Irvine Home Address … 24 ROSE TRELLIS Irvine, CA 92603
Resale Home Price … $1,900,000
Home Purchase Price … $1,293,000
Home Purchase Date …. 12/16/2004
Net Gain (Loss) ………. $493,000
Percent Change ………. 46.9%
Annual Appreciation … 7.1%
Cost of Ownership
————————————————-
$1,900,000 ………. Asking Price
$380,000 ………. 20% Down Conventional
4.94% …………… Mortgage Interest Rate
$1,520,000 ………. 30-Year Mortgage
$390,731 ………. Income Requirement
$8,104 ………. Monthly Mortgage Payment
$1647 ………. Property Tax
$375 ………. Special Taxes and Levies (Mello Roos)
$158 ………. Homeowners Insurance
$410 ………. Homeowners Association Fees
============================================
$10,694 ………. Monthly Cash Outlays
-$1614 ………. Tax Savings (% of Interest and Property Tax)
-$1847 ………. Equity Hidden in Payment
$726 ………. Lost Income to Down Payment (net of taxes)

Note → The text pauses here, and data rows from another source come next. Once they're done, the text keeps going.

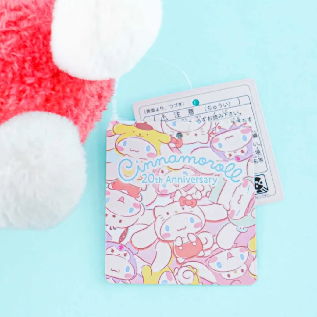 - A super kawaii medium-sized Cinnamoroll plushie wearing a Hello Kitty costume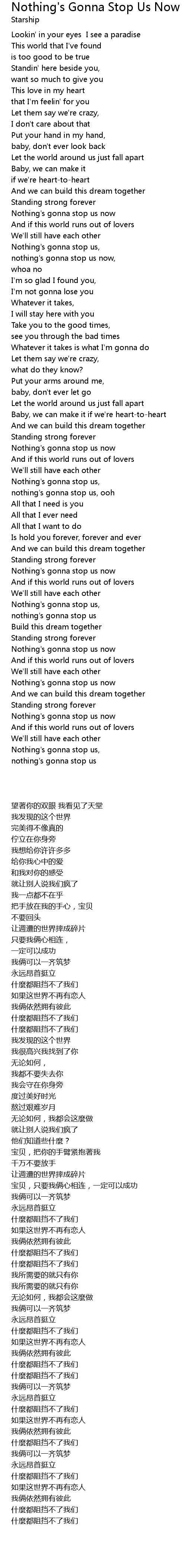 Nothing's gonna stop us now |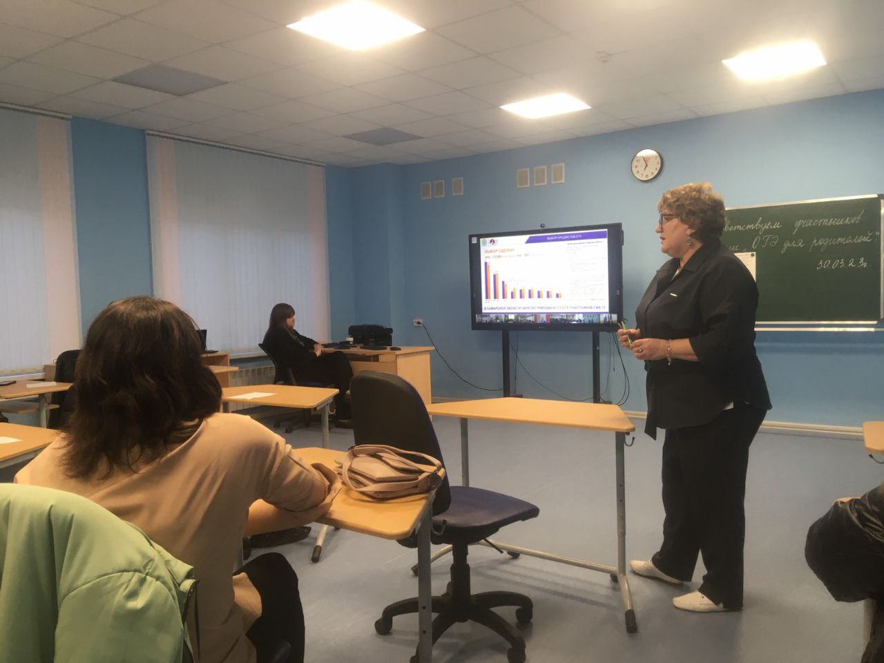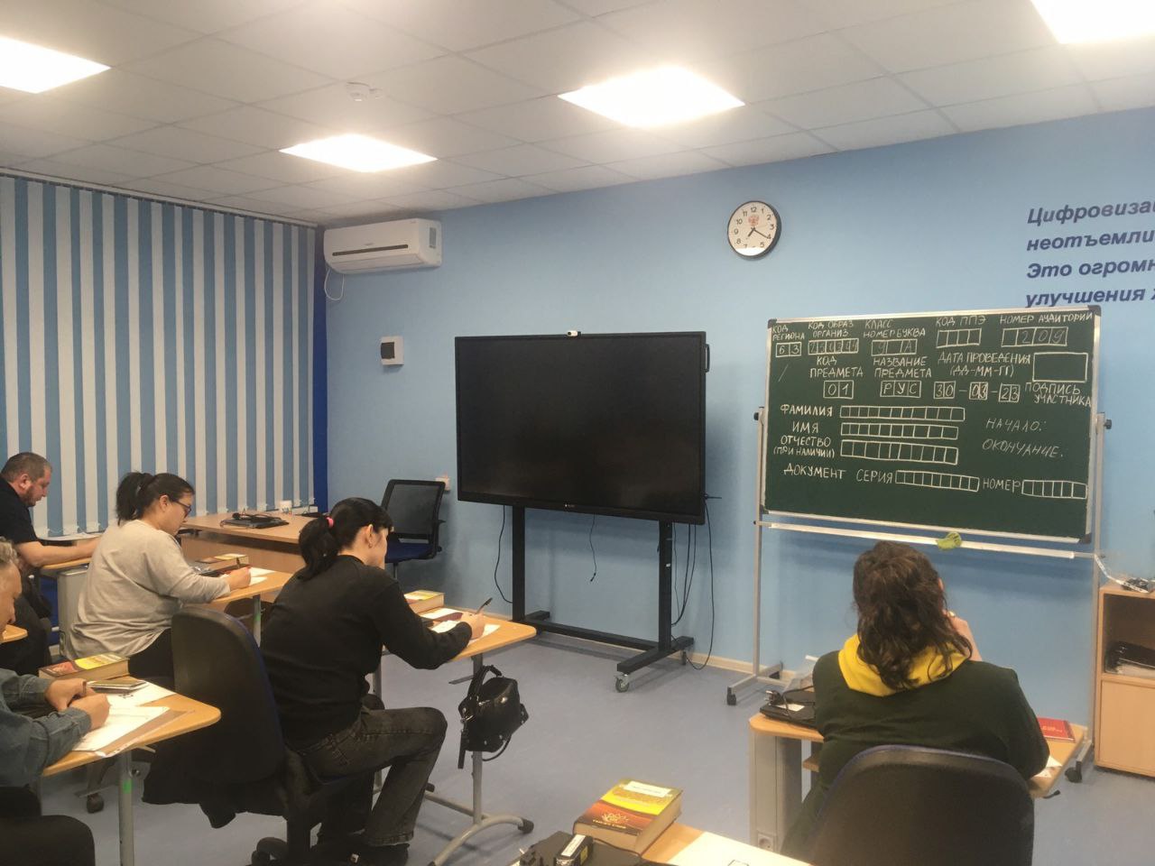 30 марта в нашей школе в рамках региональной Акции «Единый день сдачи ОГЭ родителями» после видеотрансляции встречи родительского актива с Губернатором Самарской области законные представители 9 классников приняли участие в импровизированном экзамене по русскому языку. Вход в аудиторию по документу, удостоверяющему личность, инструктаж, оформление бланка ответа черными гелевыми ручками, КИМы . С целью снятия психологического напряжения, связанного с подготовкой и проведением государственной итоговой аттестации все родители получили памятки «Повышатели настроения» и «Как преодолеть волнение перед экзаменом».

$238 ………. Maintenance and Replacement Reserves
============================================
$8,197 ………. Monthly Cost of Ownership
Cash Acquisition Demands
——————————————————————————
$19,000 ………. Furnishing and Move In @1%
$19,000 ………. Closing Costs @1%
$15,200 ………… Interest Points @1% of Loan
$380,000 ………. Down Payment
============================================
$433,200 ………. Total Cash Costs
$125,600 ………… Emergency Cash Reserves
============================================
$558,800 ………. Total Savings Needed
Property Details for 24 ROSE TRELLIS Irvine, CA 92603
——————————————————————————
Beds: 3
Baths: 3 full 1 part baths
Home size: 2,650 sq ft
($717 / sq ft)
Lot Size: 6,139 sq ft
Year Built: 2004
Days on Market: 6
Listing Updated: 40316
MLS Number: S617693
Property Type: Single Family, Residential
Tract: Ledg
——————————————————————————
This home features a unique Casita with it's own entrance and it's own full bathroom. Custom Goumet kitchen along with custom hardscape and salt water pool.
The realtor couldn't spell gourmet properly….
I hope you have enjoyed this week, and thank you for reading the Irvine Housing Blog: astutely observing the Irvine home market and combating California Kool-Aid since 2006.